**Data for review:**

________________________

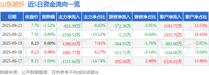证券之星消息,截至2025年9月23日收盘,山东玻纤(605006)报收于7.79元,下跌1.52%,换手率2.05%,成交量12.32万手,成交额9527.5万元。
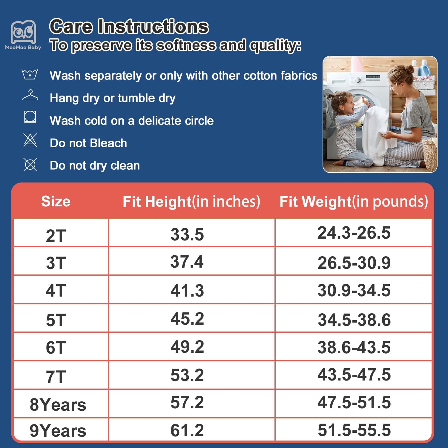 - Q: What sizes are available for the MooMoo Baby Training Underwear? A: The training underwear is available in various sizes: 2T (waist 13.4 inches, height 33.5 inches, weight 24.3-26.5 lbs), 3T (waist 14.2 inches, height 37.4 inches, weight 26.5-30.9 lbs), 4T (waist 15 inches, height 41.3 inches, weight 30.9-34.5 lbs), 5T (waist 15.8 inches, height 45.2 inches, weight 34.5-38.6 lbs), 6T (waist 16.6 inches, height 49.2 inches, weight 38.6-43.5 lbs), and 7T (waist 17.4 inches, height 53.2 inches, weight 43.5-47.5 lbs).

________________________

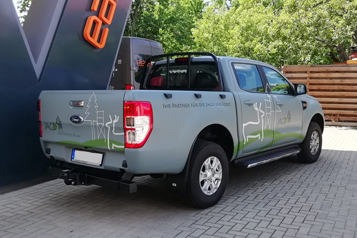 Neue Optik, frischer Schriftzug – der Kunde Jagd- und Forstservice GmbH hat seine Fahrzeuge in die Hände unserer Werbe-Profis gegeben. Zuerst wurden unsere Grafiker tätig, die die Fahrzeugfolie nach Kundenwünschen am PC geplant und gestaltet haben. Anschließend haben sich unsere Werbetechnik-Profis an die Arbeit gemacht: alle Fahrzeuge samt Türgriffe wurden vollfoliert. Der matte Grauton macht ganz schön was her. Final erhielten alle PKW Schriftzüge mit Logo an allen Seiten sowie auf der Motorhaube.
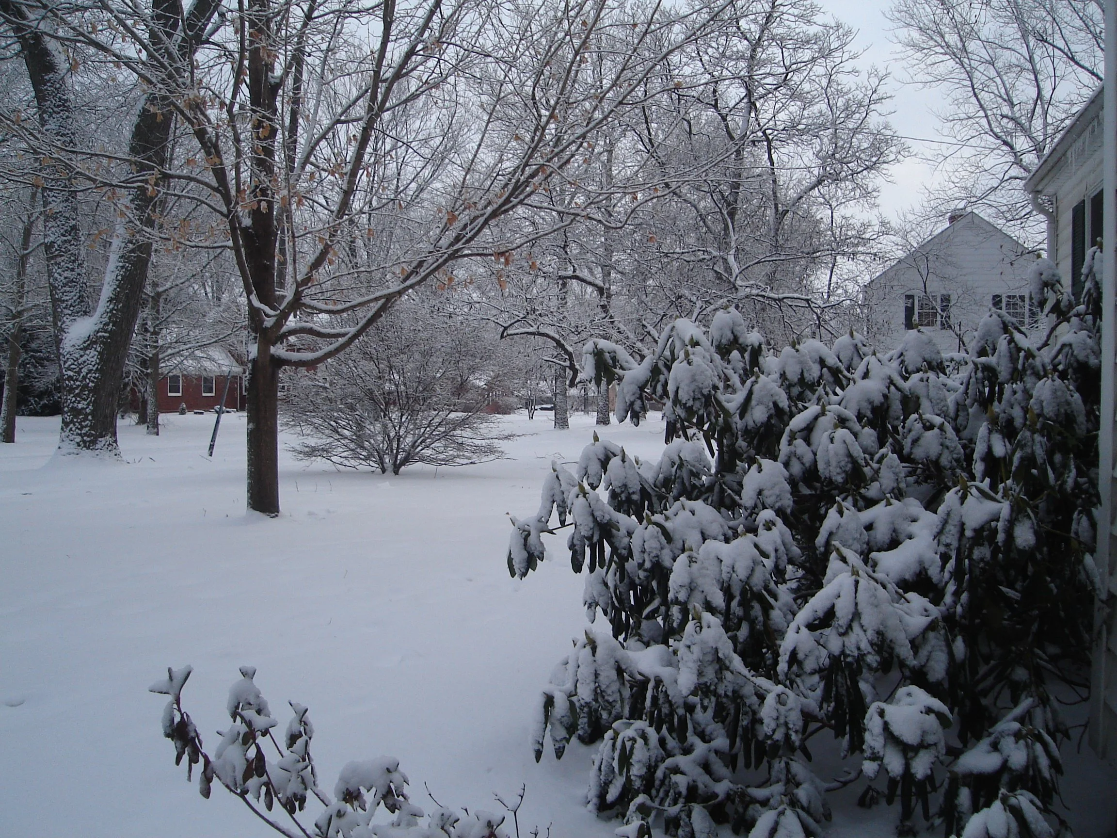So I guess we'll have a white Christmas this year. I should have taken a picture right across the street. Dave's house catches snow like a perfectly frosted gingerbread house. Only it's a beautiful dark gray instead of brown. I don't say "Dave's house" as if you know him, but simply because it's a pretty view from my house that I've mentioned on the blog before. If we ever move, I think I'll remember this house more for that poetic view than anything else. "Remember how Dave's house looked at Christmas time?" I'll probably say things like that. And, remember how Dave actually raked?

________________________

Output exactly the lines of the listing above that start with the one holding "证券之星消息,截至2025年" and go on through the one holding "- Q: What sizes"; leave the pictures out.

**Task result:**
证券之星消息,截至2025年9月23日收盘,山东玻纤(605006)报收于7.79元,下跌1.52%,换手率2.05%,成交量12.32万手,成交额9527.5万元。
 - Q: What sizes are available for the MooMoo Baby Training Underwear? A: The training underwear is available in various sizes: 2T (waist 13.4 inches, height 33.5 inches, weight 24.3-26.5 lbs), 3T (waist 14.2 inches, height 37.4 inches, weight 26.5-30.9 lbs), 4T (waist 15 inches, height 41.3 inches, weight 30.9-34.5 lbs), 5T (waist 15.8 inches, height 45.2 inches, weight 34.5-38.6 lbs), 6T (waist 16.6 inches, height 49.2 inches, weight 38.6-43.5 lbs), and 7T (waist 17.4 inches, height 53.2 inches, weight 43.5-47.5 lbs).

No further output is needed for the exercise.